Glaspy left her home state of California to study and the Berklee School Of Music in Boston. She may have only been enrolled in the school for one semester, but it gave Glaspy the kick in the pants she needed. The vocal performance major learned how to get out of her comfort zone musically and used it as an opportunity to meet other talented people.

“It was really expensive,” she says. “It may be about $45,000 a year and I didn’t have the money to keep going. I had a grant and some scholarship money from my school for the first semester, so after that I couldn’t afford to go anymore. I didn’t see that I could put myself that much into debt and then have a musician’s salary when I finished. I deeded to leave and took a job in Boston for a while and then moved to New York and started playing there.”

Within the first few months of moving to the bigger scene of New York City, Glaspy purchased her first electric guitar. At the time, she was playing a lot of clubs and little bars and found that the acoustic guitar sounded horrible in that environment. Since switching to electric guitar she has never looked back.

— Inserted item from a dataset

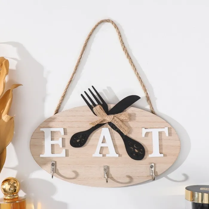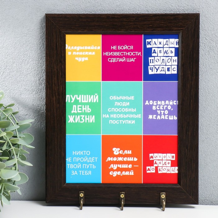 Ключница настенная «Фразы», крючки декоративные, панно, 20×25 см, венге
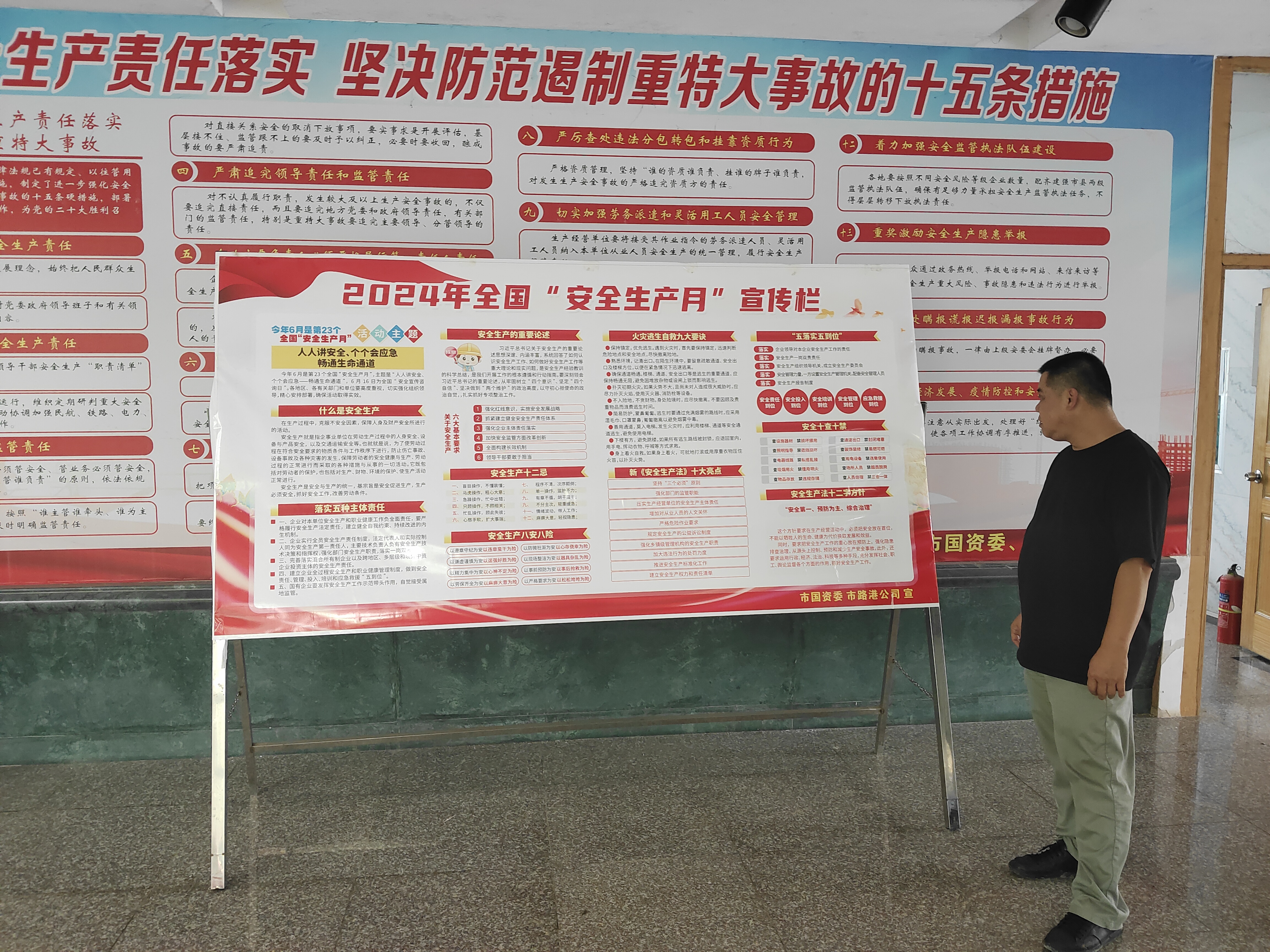 安全生产月活动期间,公司根据实际情况,采取了多形式、多样化、全方位的宣传教育活动,组织深入学习贯彻习近平总书记关于安全生产重要论述。按照活动要求,由总工办牵头在公司办公楼前的LED屏滚动播放安全公益广告,在铁山港办事处、在建项目施工现场等重要岗点、场所悬挂了“安全生产月”宣传横幅3条;张贴了安全警言、警句、标语挂图、墙报共12张。组织员工观看“安全生产月”主题宣传片、《安全生产责任在肩》警示教育片。扎实开展“五进”活动,公司先后组织到在建项目现场及公司责任小区开展安全宣传进工地、进社区活动,发放安全宣传资料60余份,宣传“畅通生命通道”相关科普知识,促进提升风险防范、安全应急意识和自救互救能力,营造浓厚的宣传氛围。6月18日,根据市安委会的统一部署,我公司组织安全生产管理人员积极参加“安全宣传咨询日”活动,通过现场学习借鉴各单位的安全生产管理经验,进一步增强公司安全生产月活动的宣传效果。通过各种形式的宣传,用舆论导向激发员工参与“安全生产月”活动的热情,引导员工牢固树立“安全第一”的思想,把规范自身行为、注重安全生产变为自觉行动。

“I think the New York lifestyle is always to get to the bottom of things and don’t take too much time doing it,” she says. “Just deliver and get out of the way. That is what we did with the record, and made it in about three days. I spent a really long time to write the songs and get them where I liked them and it was just a matter of getting rid of all the excess and just delivering what I thought was the bottom line, which is a very New York mentality for sure.”

The songs on Emotion and Math took four years to write and the album was recorded three times over the duration. The process of making something and then spending a long time to edit it has informed the album title. The sentiments of the songs are natural and come out instinctively; for Glaspy the next part is working out how to display that emotive experience so as it plays well and people don’t have to work too hard to receive it.

“I think it is pretty human,” reflects Glaspy on the idea of emotion and math. “Everyone has some chemistry of the analytical versus the emotional. For me it feels like it is pretty split down the centre which can be confusing for me at times. Sometimes I wish I could be a little more of one than the other. It is a constant tug between the two.”